I'm studying a discrete state coupled to a continuum of states. The Hamiltonian of this interaction, which i called Friedrichs Hamiltonian, is given by: $$H_{F}=E_{e}|e\rangle\langle e|+\int U|\chi_{U}\rangle\langle\chi_{U}|dU+\int\left(\xi_{U}|\chi_{U}\rangle\langle e|+\xi_{U}^{*}|e\rangle\langle\chi_{U}|\right)dU.$$ $E_{e}$ is the energy of the discrete state, $|e\rangle$, $U$ is the energy of the continuum of states, $|\chi_{U}\rangle$ and $\xi_{U}$ is the coupling coefficient of the discrete state to the continuum.
After some calculations, i got that the amplitude of probability is given by: $$\langle e\vert e^{-iHt}\vert e\rangle=\int\vert A(E)\vert^{2}e^{-iEt}dE,$$ so, the time evolution of the probability is: $$P=\vert\langle e\vert e^{-iHt}\vert e\rangle\vert^{2}=\int\vert A(E)\vert^{2}e^{-iEt}dE\int\vert A(E^{\prime})\vert^{2}e^{iE^{\prime}t}dE^{\prime}.$$ Where $E$ and $E'$ are energies of the continuum. $\vert A(E)\vert$ is the coeficient of the wave function associated with the discrete state.

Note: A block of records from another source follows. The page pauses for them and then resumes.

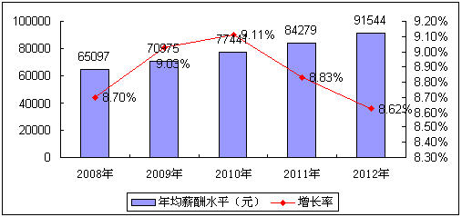图4 2008-2012年动漫行业年均薪酬水平及涨幅预测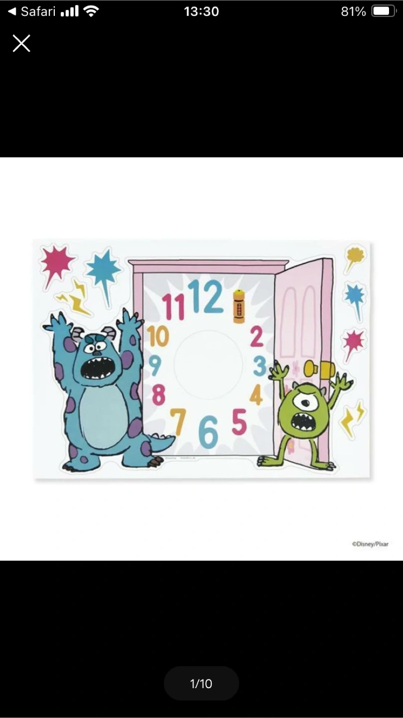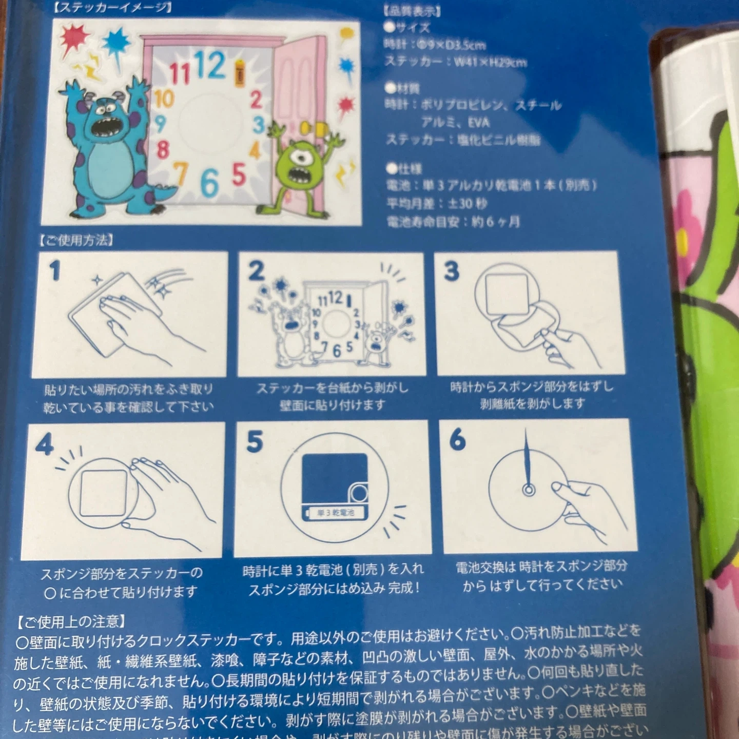 ディズニー モンスターズインクのウォールクロックステッカーです。 ・モンスターズインクのキャラクターデザイン ・壁に貼るタイプの時計 ・電池交換可能 クリスマスプレゼント 誕生日プレゼントにいかがですか?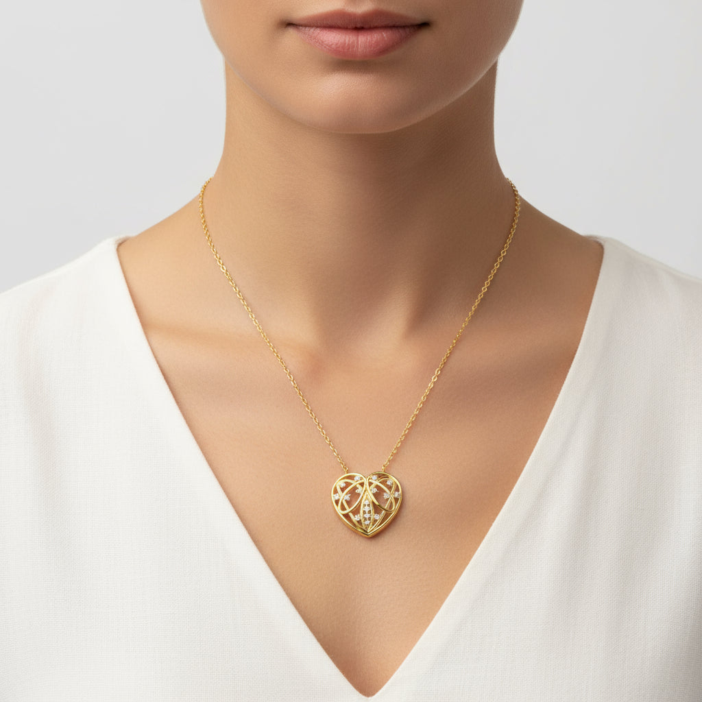 The heart symbol has always been a symbol of unconditional love and affection. In religious teachings, the power of the heart is limitless because it is the home of the Creator and our true gateway to the universe. This elegant silver domed heart women's necklace is an excellent choice for special occasions like a birthday gift, Valentine's Day gift, or a gift for mothers. The silver heart women's necklace is crafted from 925 sterling silver. This necklace features a gold plating. Gold-plated silver women's necklace models retain their shine for a long time. The stones on it are zircon. Like all our silver women's necklace models, the silver domed heart women's necklace model is also handcrafted. Due to silver and precious stones, the stated average product weight may vary by ±10%.
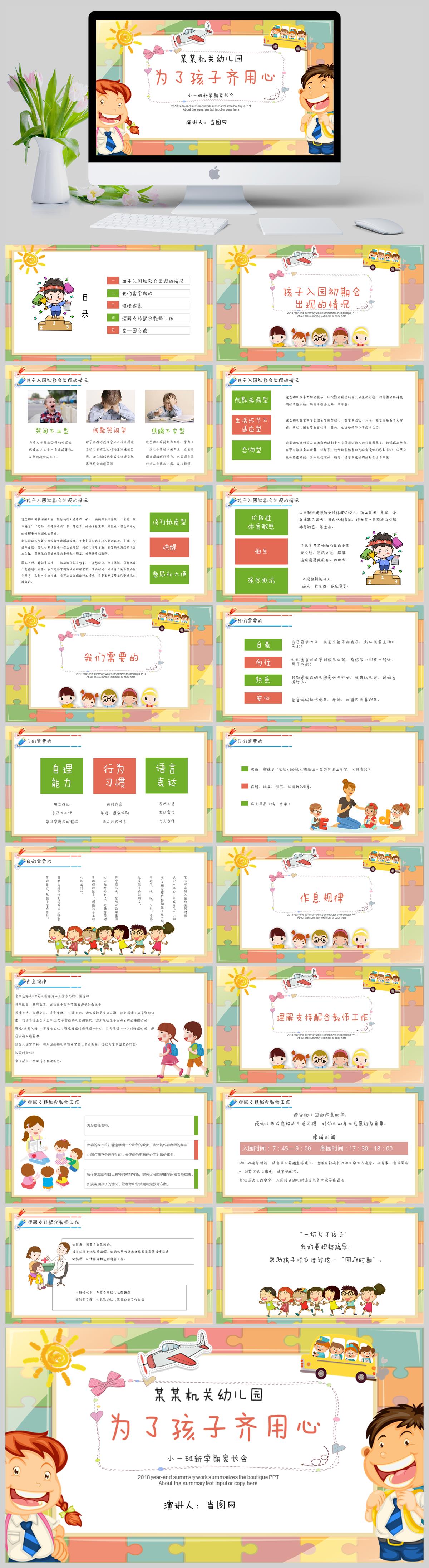 卡通新学期幼儿园开园家长会为了孩子齐用心通用PPT模板

The value of $\vert A(E)\vert^{2}$ was also calculated and given by: $$\Rightarrow\vert A(E)\vert^{2}=\frac{\left|\xi_{E}\right|^{2}}{\left[E-E_{e}-F(E)\right]^{2}+\left|\xi_{E}\right|^{4}\pi^{2}}.$$ So, from this, i can suppose that the bandwith of the continuous spectrum is given by $\Gamma=2\pi\left|\xi_{E}\right|^{2}$ and the decayment time by $\tau=\Gamma^{-1}=\frac{1}{2\pi\left|\xi_{E}\right|^{2}}$.
I'm trying to calculate the transition rate from the discrete state to the continuum, Fermi's Golden Rule.
Can someone help me calculating for this case, please? I'm having some difficulties.